___ Input for this task

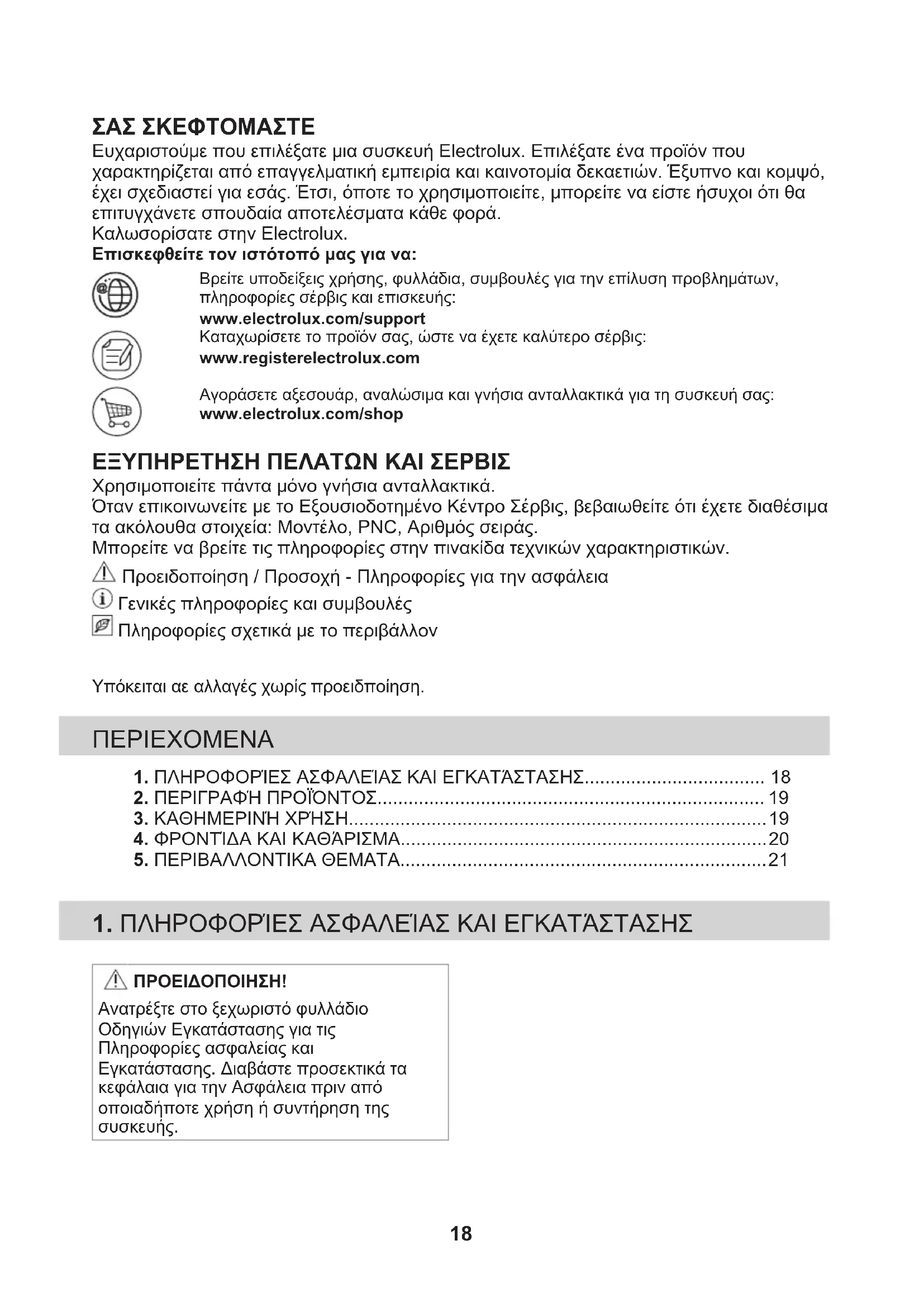 Recyceln Sie Materialien mit dem Symbol . Entsorgen Sie die Verpackung in den entsprechenden Recyclingbehältern. Recyceln Sie zum Umwelt- und Gesundheitsschutz elektrische und elektronische Geräte. Entsorgen Sie Geräte mit diesem Symbol nicht mit dem Hausmüll. Bringen Sie das Gerät zu Ihrer örtlichen Sammelstelle oder wenden Sie sich an Ihr Gemeindeamt. 17ΣΑΣ ΣΚΕΦΤΟΜΑΣΤΕ Ευχαριστούμε που επιλέξατε μια συσκευή Electrolux. Επιλέξατε ένα προϊόν που χαρακτηρίζεται από επαγγελματική εμπειρία και καινοτομία δεκαετιών. Έξυπνο και κομψό, έχει σχεδιαστεί για εσάς. Έτσι, όποτε το χρησιμοποιείτε, μπορείτε να είστε ήσυχοι ότι θα επιτυγχάνετε σπουδαία αποτελέσματα κάθε φορά. Καλωσορίσατε στην Electrolux. Επισκεφθείτε τον ιστότοπό μας για να: Βρείτε υποδείξεις χρήσης, φυλλάδια, συμβουλές για την επίλυση προβλημάτων,πληροφορίες σέρβις και επισκευής:www.electrolux.com/supportΚαταχωρίσετε το προϊόν σας, ώστε να έχετε καλύτερο σέρβις:www.registerelectrolux.comΑγοράσετε αξεσουάρ, αναλώσιμα και γνήσια ανταλλακτικά για τη συσκευή σας:www.electrolux.com/shop ΕΞΥΠΗΡΕΤΗΣΗ ΠΕΛΑΤΩΝ ΚΑΙ ΣΕΡΒΙΣ Χρησιμοποιείτε πάντα μόνο γνήσια ανταλλακτικά. Όταν επικοινωνείτε με το Εξουσιοδοτημένο Κέντρο Σέρβις, βεβαιωθείτε ότι έχετε διαθέσιμα τα ακόλουθα στοιχεία: Μοντέλο, PNC, Αριθμός σειράς. Μπορείτε να βρείτε τις πληροφορίες στην πινακίδα τεχνικών χαρακτηριστικών. Προειδοποίηση / Προσοχή - Πληροφορίες για την ασφάλεια Γενικές πληροφορίες και συμβουλές Πληροφορίες σχετικά με το περιβάλλον Υπόκειται αε αλλαγές χωρίς προειδποίηση. ΠΕΡΙΕΧΟΜΕΝΑ
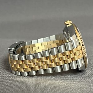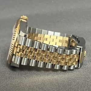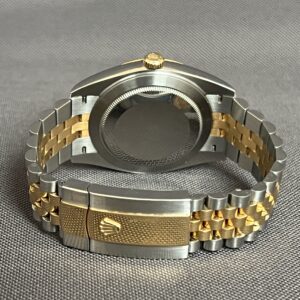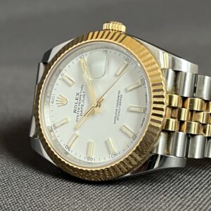 Datejust 41 med hvid skive i 18k guld og stål og jubilee lænke. I låsen kan lænken hurtigt justeres 5mm. Det automatiske værk yder 70 timers gangreserve og har en præcision på +/- 2 sek. Vandtæthed til 100m.
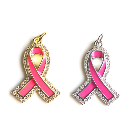 10pcs/lot CZ Paved Pink Blue Purple Ribbon Charms
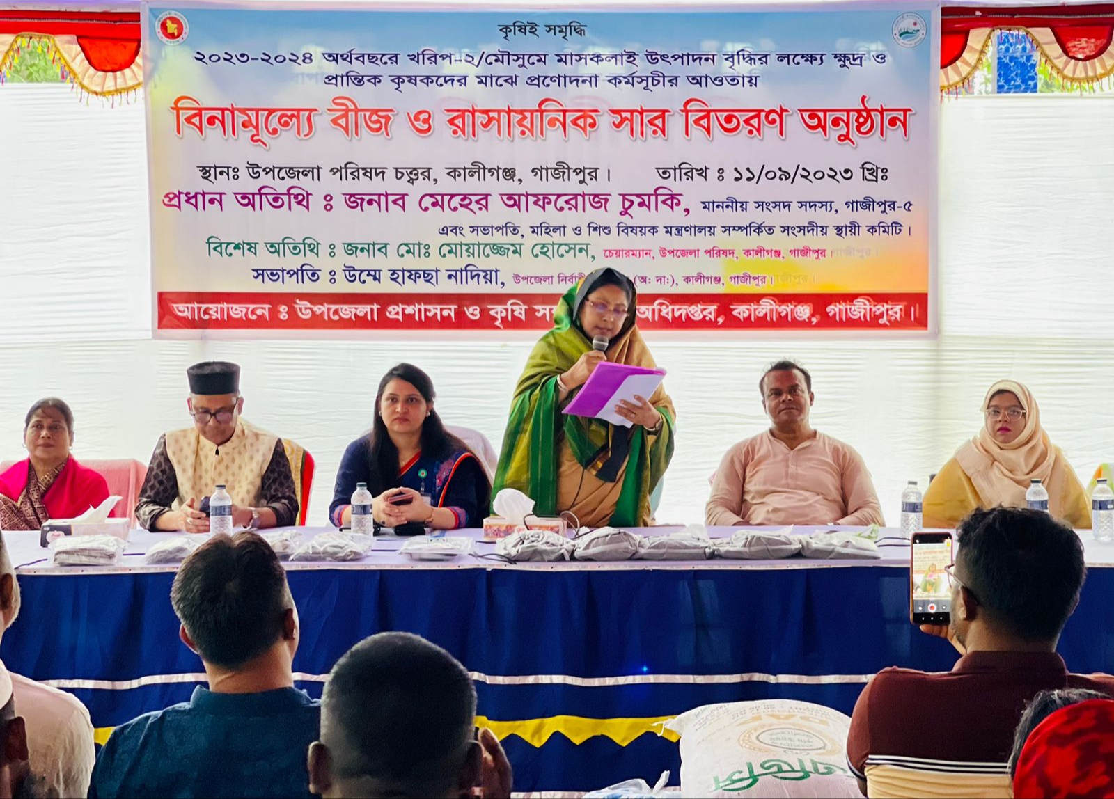 গাজীপুরের কালীগঞ্জে স্থানীয় ২৩০ জন ক্ষুদ্র ও প্রান্তিক কৃষকের মাঝে বিনামূল্যে রাসায়নিক সার ও বীজ বিতরণ করা হয়েছে। সোমবার (১১
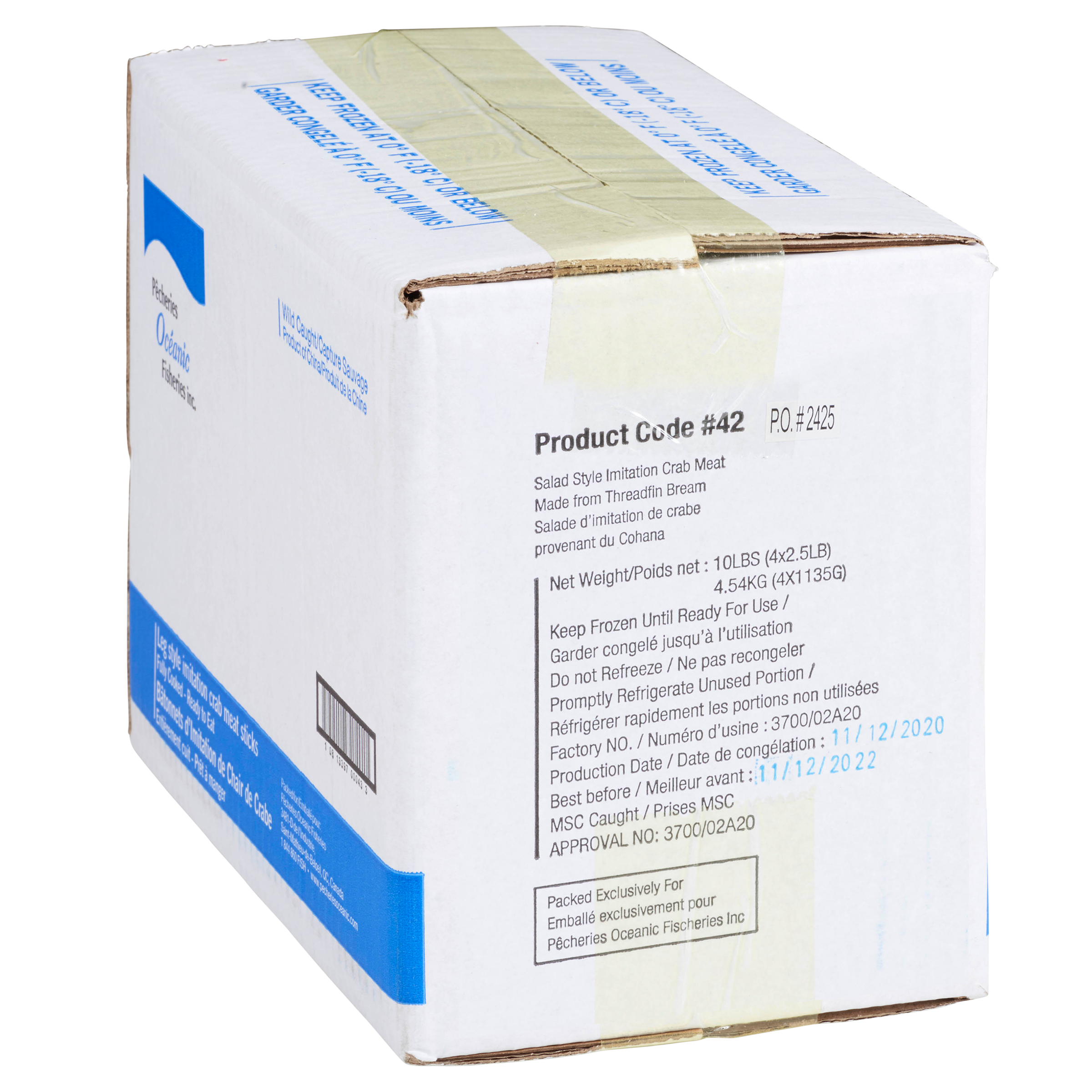 • Ingredients : Threadfin bream, water, soybean protein, tapioca starch, potato starch, egg white, sugar, salt, soybean oil, crab extract, disodium 5’Ribonucleotide (L+G), artificial crab flavor, sodium tripolyphosphate, cochineal, paprika
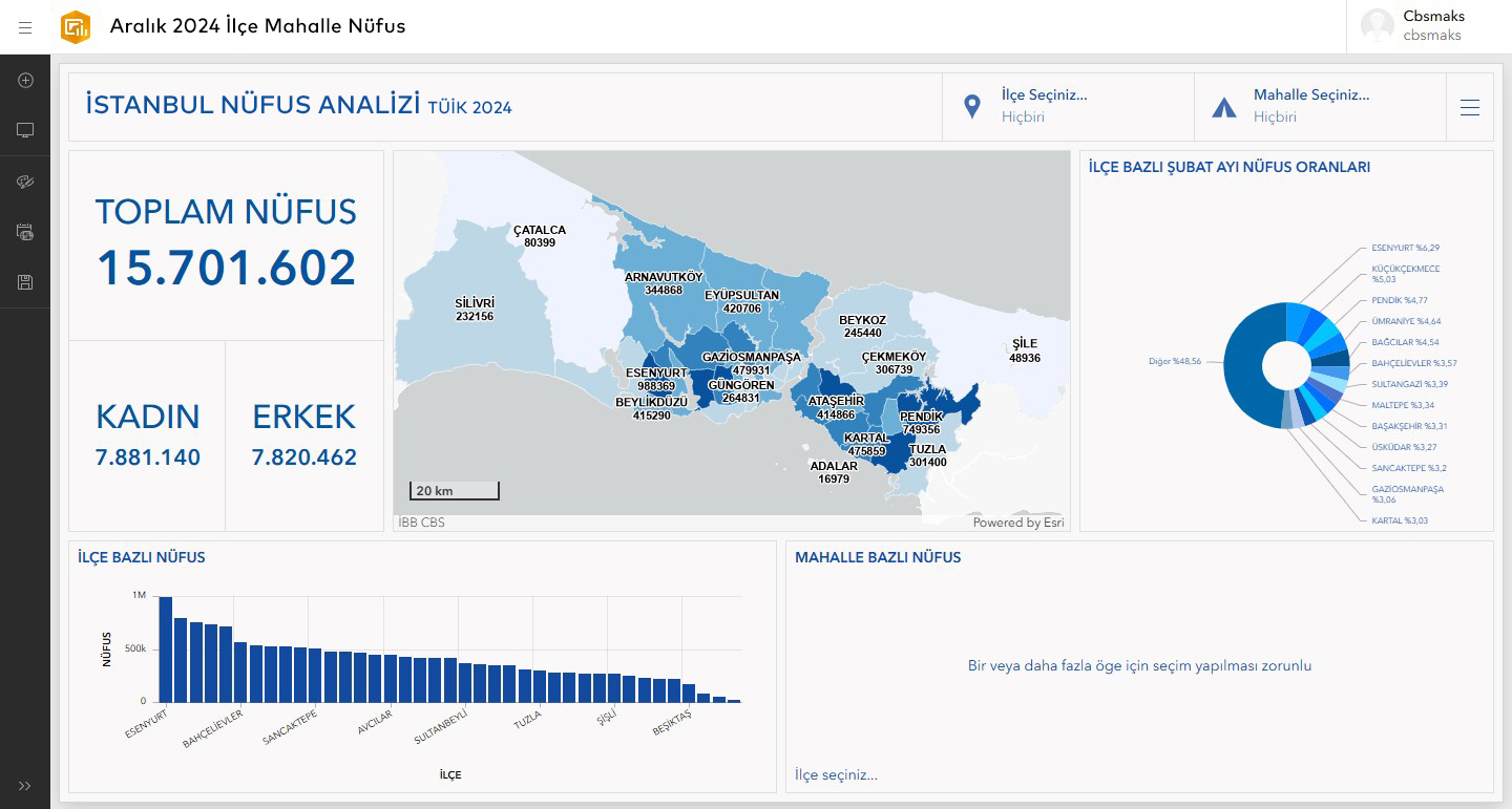 Bu çalışma, ArcGIS Enterprise’ın Dashboard modülünü temel alarak TÜİK 2024 Aralık İstanbul nüfus verileriyle bir ‘İstanbul Nüfus Analizi’ dashboardunun nasıl hazırlanacağını öğretici bir biçimde ortaya koymaktadır; bu nedenle adımlar ve komutlar ilgili ürün bağlamında sunulmuştur.
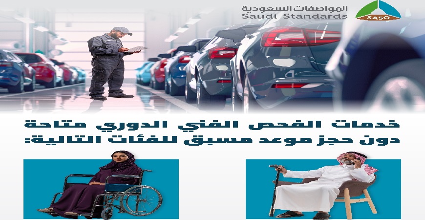 وقالت إنَّ الأشخاص ذوي الإعاقة، وكِبار السن ممَّن تجاوزوا الستين عامًا يمكنهم الحصول على خدمة الفحص الفني الدوري للمركبات المملوكة لهم مباشرة دون موعدٍ مسبقٍ في جميع مواقع الفحص الفني المنتشرة حول المملكة، تسهيلًا وتقديرًا لهم.
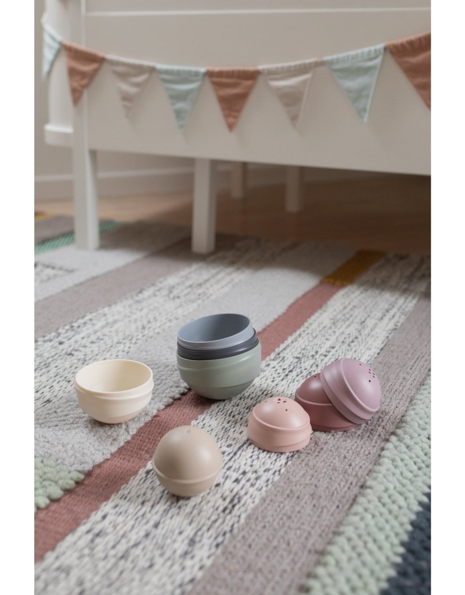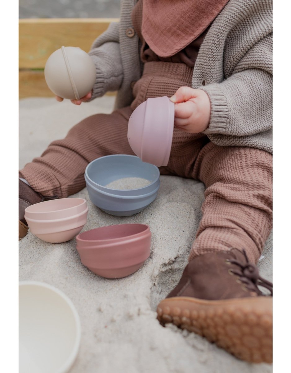 Produkt mit mehreren Funktionen, das sowohl zum Spielen mit Sand als auch mit Wasser anregt (außer dem Rasselball, der nicht ins Wasser passt)

______

# [What is being asked]
Starting at the line above that holds "10pcs/lot CZ Paved", repeat every line exactly down to and including the line that holds "গাজীপুরের কালীগঞ্জে স্থানীয়", then stop. Do not carry over any pictures.

# [Your response]
 10pcs/lot CZ Paved Pink Blue Purple Ribbon Charms
 গাজীপুরের কালীগঞ্জে স্থানীয় ২৩০ জন ক্ষুদ্র ও প্রান্তিক কৃষকের মাঝে বিনামূল্যে রাসায়নিক সার ও বীজ বিতরণ করা হয়েছে। সোমবার (১১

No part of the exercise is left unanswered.